Мы имеем здесь опять случай расположения каких-то смыслов нашей жизни. То, что делает Одетт в пять часов пополудни, есть часть жизни Свана. В том смысле, что делаемое Одетт в непроглядываемый Сваном момент, безусловно, есть часть чего-то, из чего сложится его судьба. В пять часов пополудни уложено что-то значимое для Свана. Такое, что ему нужно было бы знать. Но как знать? Согласно Прусту мы хотим владеть женщиной целиком. Но владеть целиком не означает владеть сейчас дискретно выделенным, находящимся перед нами. Владеть Альбертиной или Свану владеть Одетт — недостаточно, обняв тело и думая, что тем самым мы обнимаем всю Одетт. Потому что Одетт для Свана или Альбертина для Марселя невидимыми нитями уходят в точки пространства и времени их жизни, которые мы не схватываем. Тело Одетт или тело Альбертины в действительности не замкнуто в том пространстве, в котором мы его видим и которое можем охватить нашим объятием, а уходит в далекие времена, закрытые для нас экраном смотрящих на нас глаз Альбертины или Одетт. И более того, они уходят не только в другие, не охватываемые нами пространства, а уходят — по природе своей — в разнородные пространства и времена. Они разнородны даже для самого субъекта, например для Альбертины: если бы она захотела восстановить свою жизнь, то для нее ее же собственная, восстанавливаемая ею жизнь не была бы куском психики и мяса (которые локализованы в данном моменте времени и пространства), а была бы расположена в прошлом самой Альбертины, которое надо было бы какими-то усилиями восстановить. Чего она просто не могла бы вспомнить, потому что она вспоминала бы сознательным усилием воли и восстанавливала бы то, что Пруст называет безразличными вещественными кусками или обломками реальных прошлых событий. Там, в прошлом, тоже были бы из океана психики выступающие и поддающиеся внешнему наблюдению куски по-прежнему недоступных личных ухождений этих вещей вовнутрь. Теперь мы получаем возможность с другой стороны посмотреть на слово «изобретение», которое означает момент или акт перепада нашего сознания в другой режим.
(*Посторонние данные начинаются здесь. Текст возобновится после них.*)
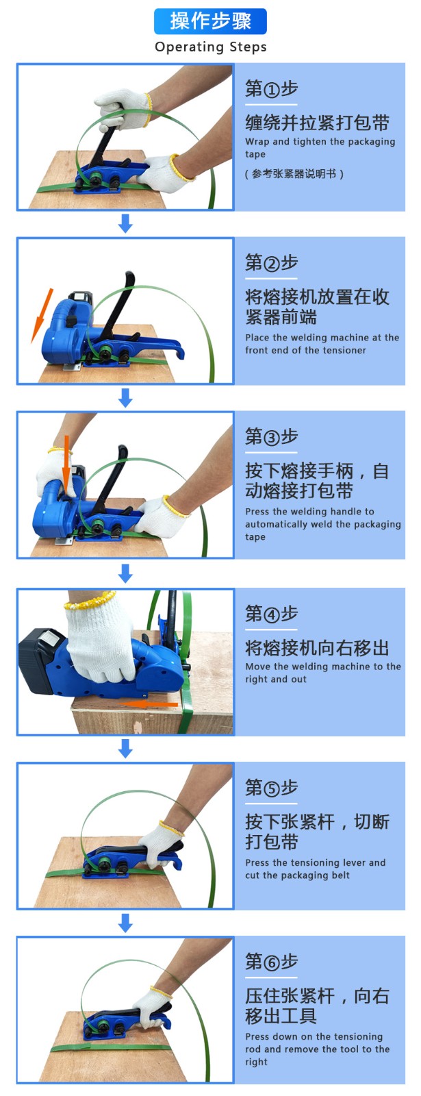 手持電動(dòng)打包機(jī)體積小、重量輕,這使得它能夠方便地在不同的工作場(chǎng)所之間移動(dòng)

Выход из последовательности — не важно — страданий или последовательности наблюдений, ведь и в том, и в другом случае — это просто добавление одной мыши к другой, к тысячной, но из мышей не сложишь слона…
Вспомним прустовскую тему ухода из-под нашего взгляда того, что мы видим. Наш взгляд видит Альбертину. Но видимое нами не охвачено этим взглядом. Охватить мы можем только пройдя все точки, на которые распласталось тело жизни Альбертины. Или вспомните Эдипа: что необходимо, чтобы свершиться как человеку или освободиться (это одно и то же, ибо мы имеем дело с такими актами понимания, которые есть одновременно акты освобождения), чтобы Эдипу совершить такое действие, которое не является стихийно индуцированным переплетением независимых цепей причин и следствий? Ведь сцепилось так, что ты убил своего отца; ты этого не хотел, но это твое действие. Ты спишь со своей матерью, и, конечно, ясно, что ты спишь с ней не потому, что хотел этого. И сколько в жизни таких актов, которые, казалось бы, произведены нами, но в действительности произведены вне нас, в потоке сцепившихся причин и следствий. Ибо не Эдип источник убийства отца. Чтобы стать источником своего акта, я должен каким-то образом остановить этот поток. Выскочить из него. А поток я могу остановить, если соберу всю свою жизнь. Часть моей жизни уложена в то, что я когда-то родился именно от этой женщины, с которой теперь встретился и вижу в ней женщину. Смысл моей жизни, то есть тот материал, из которого складывается мой собственный акт, — а он складывается в том числе и из тех содержаний, что лежат в другом пространстве и времени, — и состоит в том, что я родился от этой женщины, но я не знаю этого.